3 YIL BOYUNCA SÜMEN ALTI ETTİ
Savcılıkta ise dönemin kamu görevlileri hakkında yürütülen soruşturmayı özel yetkili savcı Muammer Akkaş yürütüyordu. Akkaş, 2013 yılında hükümete karşı meşhur 25 Aralık operasyonunu yapacak olan savcıydı. Yargı ve emniyetteki FETÖ'cülerin 25 Aralık 2013'teki darbe girişiminin ardından Akkaş görevden alındı.

Akkaş'ın, 3 yıl boyunca Dink cinayetindeki şüpheli kamu görevlileriyle ilgili hiç bir işlem yapmadığı, dosyayı sümen altı ettiği ortaya çıktı. Akkaş'ın yerine görevlendirilen savcı Yusuf Hakkı Doğan, cinayete ilişkin önemli ayrıntılara ulaştı. Savcı Doğan'ın Yargıtay'a atanmasının ardından, soruşturmaya Gökalp Kökçü devam etti.

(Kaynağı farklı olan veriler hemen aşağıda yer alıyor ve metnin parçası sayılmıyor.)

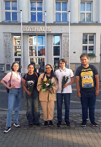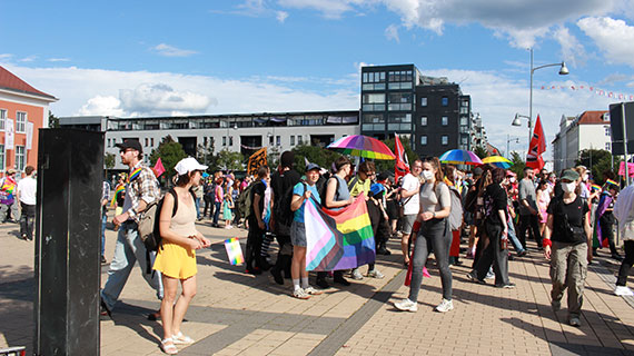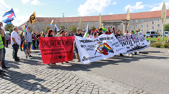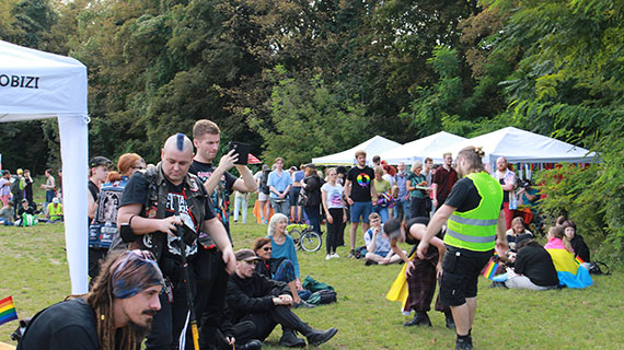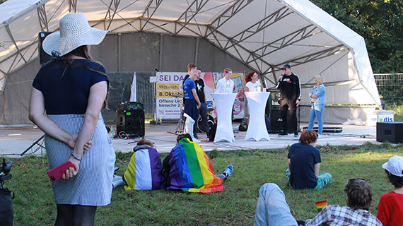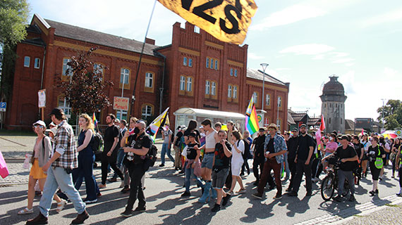 Auf dem Rideplatz fand die feierliche Abschlusskundgebung statt, die mit musikalischer Unterhaltung der Punk-Band „4 Fucking Problems“ und des regionalen Rappers „Flowes“ für Stimmung sorgte. Die Band begeisterte mit energiegeladenen Songs, während Flow mit seinen Texten lokale Bezüge und queere Themen aufgriff. Ein politisches Gespräch mit Politiker:innen und Aktivist:innen, moderiert durch Diana Golze, vertiefte die Diskussion über queere Rechte, Sichtbarkeit und die Herausforderungen in der Region. Zu dem bunten Bühnenprogramm gab es nebenbei ein „Awareness-Team“, das für Sicherheit und Respekt sorgte, sowie Erfrischungsmöglichkeiten. Die gesamte Veranstaltung wurde von der Polizei aufmerksam, umsichtig und stets in enger Abstimmung mit der Versammlungsleitung begleitet. Durch die Anzahl der lokalen Sicherheitskräfte und die enge Zusammenarbeit konnte ein reibungsloser Ablauf gewährleistet werden. Das Kinder- und Jugendparlament bedankt sich sehr herzlich bei der Polizei für ihren Einsatz.

KUMPASIN YÜRÜTÜCÜSÜ YILMAZER
FETÖ'cü eski Emniyet İstihbarat Daire Başkanı Ramazan Akyürek, İstihbarat Daire Başkanlığı C Şube Müdürü ve daha sonra İstanbul Emniyet İstihbarat Şube Müdürlüğü'ne atanacak olan Ali Fuat Yılmazer tutuklandı. Savcılık, Akyürek ve Yılmazer'in yanı sıra dönemin emniyet müdürleri ve müfettişlerin de aralarında olduğu 26 kamu görevlisi hakkında dava açtı.

Hazırlanan iddianamede "FETÖ'nün Dink'e suikast yapılacağını bildiği ve cinayete yol verdiği" vurgulanırken FETÖ kumpaslarının merkezi olarak bilinen Emniyet İstihbarat Dairesi C Şube Müdürü Yılmazer'in "C-5 Büro" adında hükümet onayı alınmadan gizli, yasadışı bir birim kurduğuna dikkat çekildi.

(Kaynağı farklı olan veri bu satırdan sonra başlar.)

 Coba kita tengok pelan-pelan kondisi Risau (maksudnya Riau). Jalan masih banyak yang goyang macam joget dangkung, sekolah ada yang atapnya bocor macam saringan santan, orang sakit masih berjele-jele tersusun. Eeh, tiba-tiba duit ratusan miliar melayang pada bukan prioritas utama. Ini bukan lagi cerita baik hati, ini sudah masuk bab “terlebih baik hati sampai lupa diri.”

15 TEMMUZ'DA YARALANAN ALBAY
15 Temmuz darbe girişiminin ardından genişletilen soruşturma ise dönemin İstanbul jandarma istihbarat görevlilerine uzandı. Darbe girişimi başarısız olunca örgüt tamamen açığa çıkmıştı.

Cinayetin işlendiği tarihte İstanbul İl Jandarma Komutanlığı İstihbarat Şube Müdürlüğü ASAF Tim komutanı olarak görev yapan Yüzbaşı Muharrem Demirkale, Dink'i öldürmek için Agos gazetesi çevresinde bulunan Ogün Samast'ı takip eden jandarma görevlilerinin komutanlığını yapan isimdi.

SESLERİNİ ÇIKARMADIALR
Demirkale, 2016 yılında albay rütbesindeyken 15 Temmuz darbe girişimine katıldı ve Ankara Jandarma Genel Komutanlığı binasındaki çatışmada yaralı olarak ele geçirildi.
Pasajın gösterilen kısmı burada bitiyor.